(Records drawn from a dataset)
● ● ●
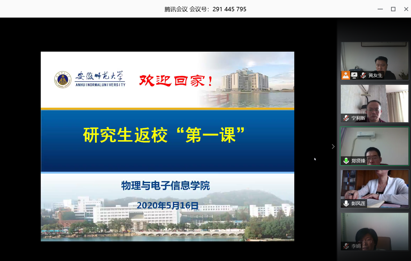 召开线上研究生返校“第一课”暨疫情防控专题培训会。副校长彭凤莲出席会议并对首批学生返校提出具体要求,研究生院院长席贻龙,学院领导李娟、郑贤锋、宁利新、黄友生、研究生辅导员及学院50名返校同学参加第一课,会议由院长郑贤锋主持。
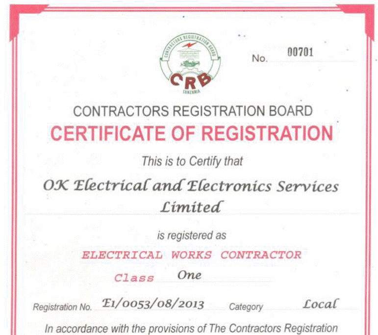 1. Currently, OK Electrical and Electronics Services Ltd is registered member of the Business Registrations and Licensing Authority (BRELA).
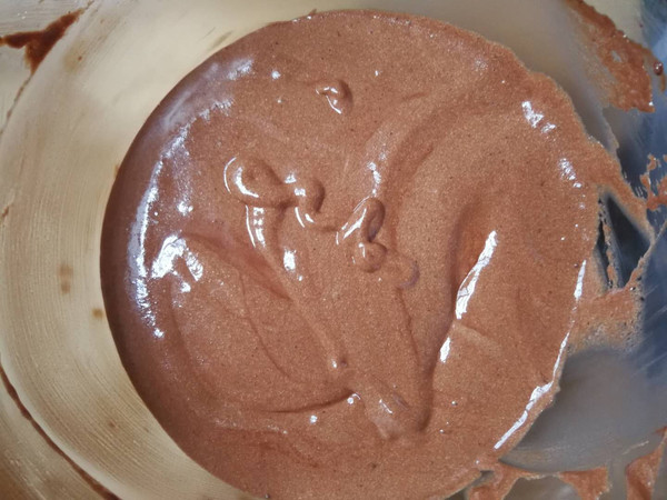 取三分之一蛋白霜加入可可蛋黄糊内拌匀。
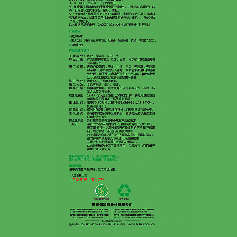 三棵树净味防霉墙面漆SSI600
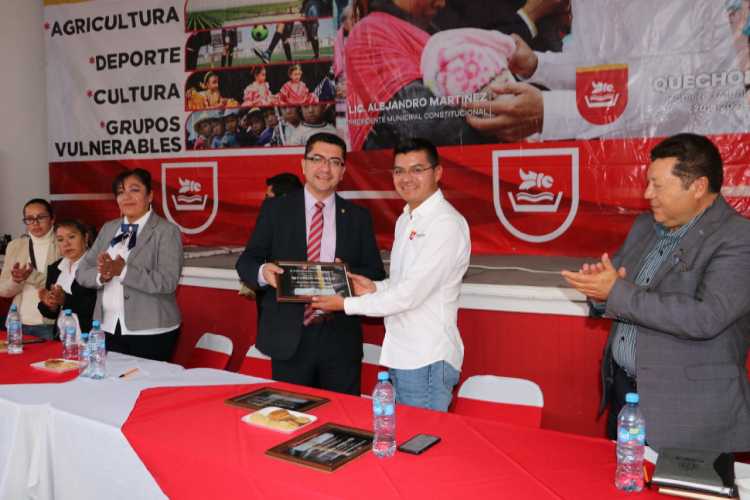 Posteriormente el Dr. Federico Hernández y El Director de la IEDEP hicieron un reconocimiento al presidente municipal de Quecholac por el apoyo que ha brindado en materia de educación a todos los estudiantes del municipio.
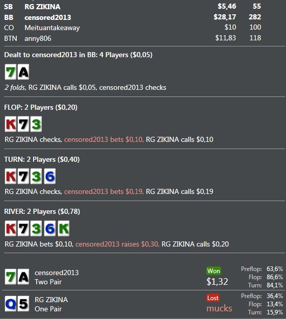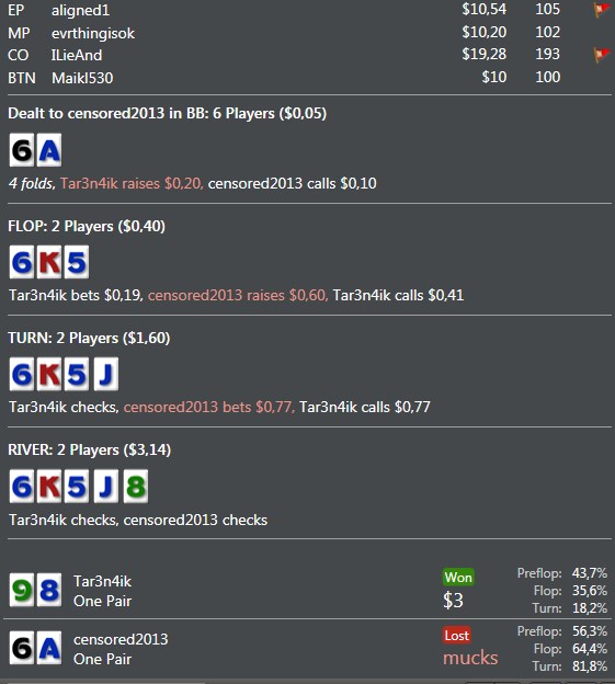 В общем просчитал я эту раздачу со всех сторон. С мой стороны раздача сыграна хорошо, как оказалось. Рейз флопа не плюсовый был, но это только в том случае, если на нем и остановиться. Терн мегоплюсовый бет, а ривер просто плюсовый бет)))
● ● ●
Output every record verbatim, excluding any picture it contains.

 召开线上研究生返校“第一课”暨疫情防控专题培训会。副校长彭凤莲出席会议并对首批学生返校提出具体要求,研究生院院长席贻龙,学院领导李娟、郑贤锋、宁利新、黄友生、研究生辅导员及学院50名返校同学参加第一课,会议由院长郑贤锋主持。
 1. Currently, OK Electrical and Electronics Services Ltd is registered member of the Business Registrations and Licensing Authority (BRELA).
 取三分之一蛋白霜加入可可蛋黄糊内拌匀。
 三棵树净味防霉墙面漆SSI600
 Posteriormente el Dr. Federico Hernández y El Director de la IEDEP hicieron un reconocimiento al presidente municipal de Quecholac por el apoyo que ha brindado en materia de educación a todos los estudiantes del municipio.
 В общем просчитал я эту раздачу со всех сторон. С мой стороны раздача сыграна хорошо, как оказалось. Рейз флопа не плюсовый был, но это только в том случае, если на нем и остановиться. Терн мегоплюсовый бет, а ривер просто плюсовый бет)))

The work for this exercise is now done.